Vibrio cincinnatiensis

Scientific classification
- Domain: Bacteria
- Kingdom: Pseudomonadati
- Phylum: Pseudomonadota
- Class: Gammaproteobacteria
- Order: Vibrionales
- Family: Vibrionaceae
- Genus: Vibrio
- Species: V. cincinnatiensis
- Binomial name: Vibrio cincinnatiensis Brayton et al. 1986

= Vibrio cincinnatiensis =

- Genus: Vibrio
- Species: cincinnatiensis
- Authority: Brayton et al. 1986

Species of bacteria

Vibrio cincinnatiensis is a species of gram-negative bacteria. It was named after Cincinnati, Ohio, where it was first isolated and characterized. It is rarely isolated from human specimens. In 2019, V. cincinnatiensis accounted for only 0.07% of all confirmed cases of vibriosis in the United States.

== Description ==
Vibrio cincinnatiensis is a halophilic, facultatively anaerobic gram-negative rod, 0.7 by 2.0 μm in diameter. This organism is oxidase positive and catalase positive. Cells are motile by a single polar flagellum. V. cincinnatiensis produces yellow colonies on TCBS agar, indicating sucrose fermentation.

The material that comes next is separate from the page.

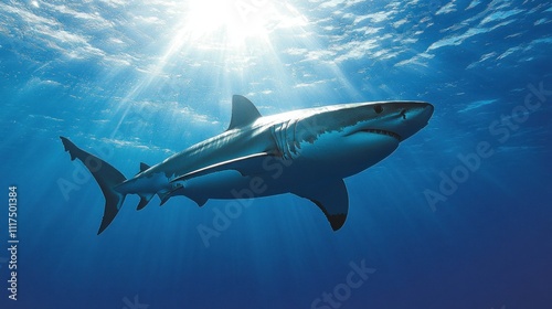 © Entri, Fototapeta premium Great White Shark in Sunlit Waters

== Clinical significance ==
Vibrio cincinnatiensis is listed as a pathogenic member of Vibrionaceae. However, due to the low number of reported cases and the broad diversity of disease presentation, this bacterium's status as a human enteric or wound pathogen is unclear.

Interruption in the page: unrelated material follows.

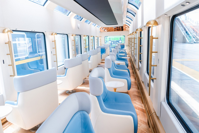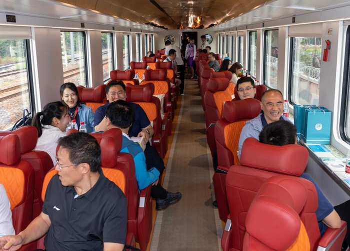 从“便捷”到“讲究”,实现服务新升级。走进车厢,从特色卡座,到头等舱尊享座椅,再到独立包厢,非常舒适惬意。车内布局也非常精致和巧妙,掐丝珐琅、景泰蓝等非遗工艺装点内饰,让车厢里的风景同样精彩。智能交互显示屏以及超大尺寸 LED 车顶天幕,实现科技创新与文旅体验深度交融。此外,列车还对座椅、厕所等硬件设施进行了适老化改造,为银发旅客打造了安全、温馨的旅居环境。舒适的旅行环境,自然让游客体验感更好、满意度更高。

V. cincinnatiensis was first isolated from the blood and cerebrospinal fluid of a 70-year-old male at the University of Cincinnati Hospital in 1986. The patient had no known contact with seafood or seawater. Therapy was begun with ampicillin followed by moxalactam. The patient's uneventful recovery represented the first successful treatment of Vibrio sp. meningitis in an adult.

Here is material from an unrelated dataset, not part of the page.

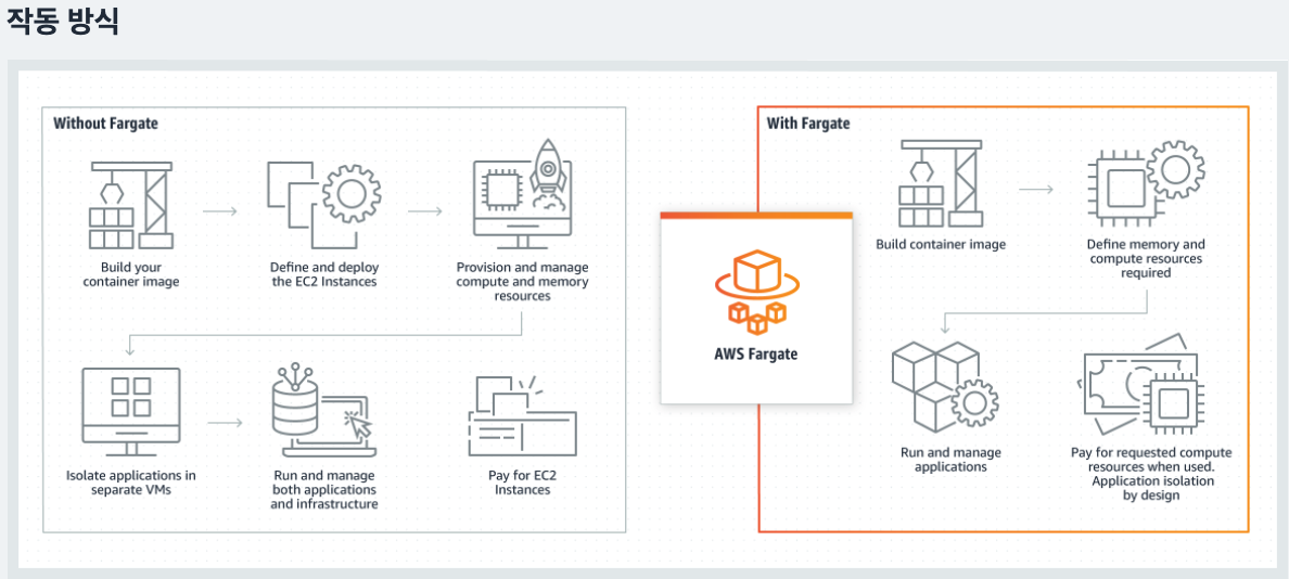 - 기존 ECS를 사용 하기 위해서는 EC2 Instance 설치 후 Cotainer 엔진 설치하여 필요한 이미지 설치하여 관리 필요

V. cincinnatiensis has also been isolated from the stool of a patient experiencing gastroenteritis.

== Ecology ==
Similar to other members of the Vibrionaceae family, V. cincinnatiensis is most commonly isolated from marine and aquatic environments. This bacterium was isolated from several bodies of water including the Chesapeake Bay, Adriatic Sea, and Ota River. In all these studies, V. cincinnatiensis represented only a small fraction of the total resident Vibrio populations.

V. cincinnatiensis has been isolated from the droppings of urban crows.